ISO-NE FERC Order 1000

“For example the assumptions made about generation dispatch in the minimum interconnection standard versus the capacity capability interconnection standard will drive different levels of upgrades,” he said.

“We would encourage NECSCOE … to talk about how … it’s not necessarily needed that the system be designed for the peak day with generation at nameplate rating and the interconnection at New Brunswick flowing at the 1,000-MW [limit]. … What’s more important is that over the 8,760 hours [per year], the generation is generally deliverable into the market. This requires us to look at it differently, such that we’re not building transmission to necessarily meet the worst-case situation — that there’s recognition that at some points in time there’s likely to be some congestion and people can live with that given the cost to overcome it.”

Untangling from CPP

In his environmental regulatory update, ISO-NE’s Patricio Silva gave the PAC a briefing on what he said were the steep challenges facing the Trump administration’s plan to scuttle EPA’s Clean Power Plan.

Silva noted that EPA acted following its 2009 finding that greenhouse gas emissions present a threat to public health and welfare and that the agency had a duty to act.

“It’s a final rule. Withdrawing the finding requires an additional rulemaking and they have to offer a justification to essentially counter the existing regulatory record,” he said. “This approach presents a variety of legal hurdles and some administrative rulemaking hurdles. It is not clear that this would succeed. There are ample example of litigation where such approaches came to naught.”

Successfully withdrawing the endangerment finding would eliminate EPA’s rationale for regulating emissions from existing generators under Clean Air Act Section 111(d) and new units under Section 111(b).

Silva said that could pose a new risk to generators, who have been protected from private litigation over GHG emissions by the Supreme Court’s 2011 American Electric Power vs. Connecticut decision, which said EPA’s regulatory authority over emissions precluded any “private right of action.”

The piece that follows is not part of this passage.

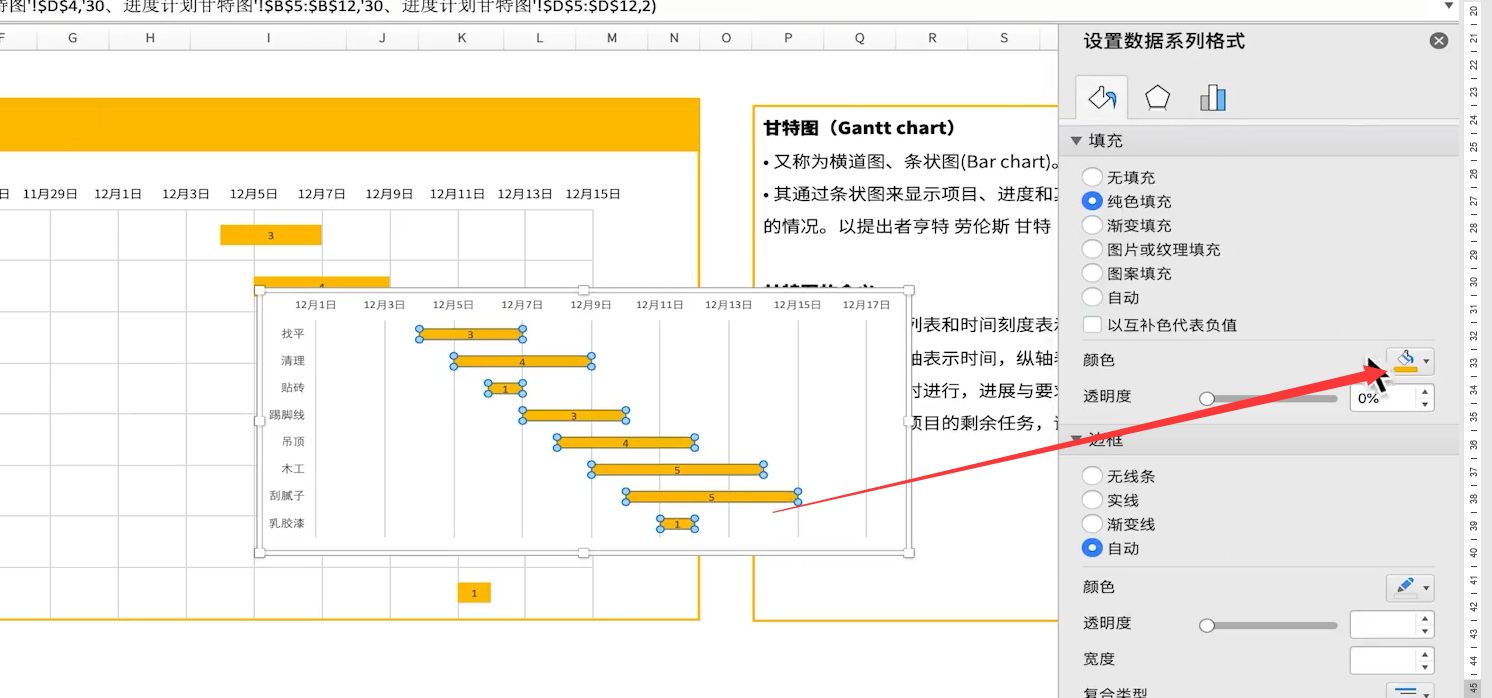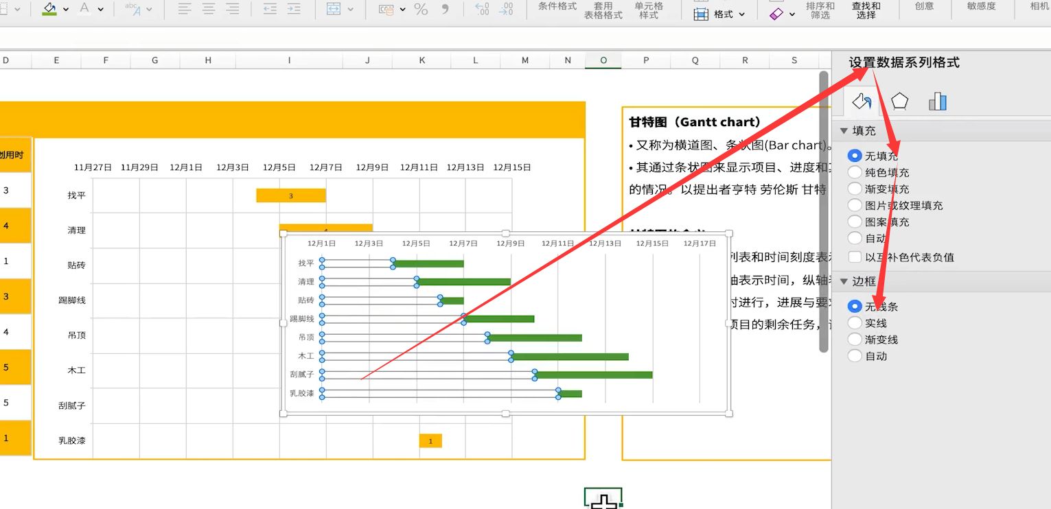 8、设置“开始日期”数据条形图格式。在图标上选中条形图中计划开始日期部分→设置数据系列格式→填充→无填充,边框→无线条

“If EPA determines they do not have the authority under 111, the decision in AEP vs. Connecticut seems to imply … that generators could subsequently be subject to private litigation,” Silva said. “This is a very complicated area of law and regulation that is fraught with significant risk for existing and new generators. … Many of my counterparts at the other ISO/RTOs are watching this matter with a great deal of focus for the potential impacts.”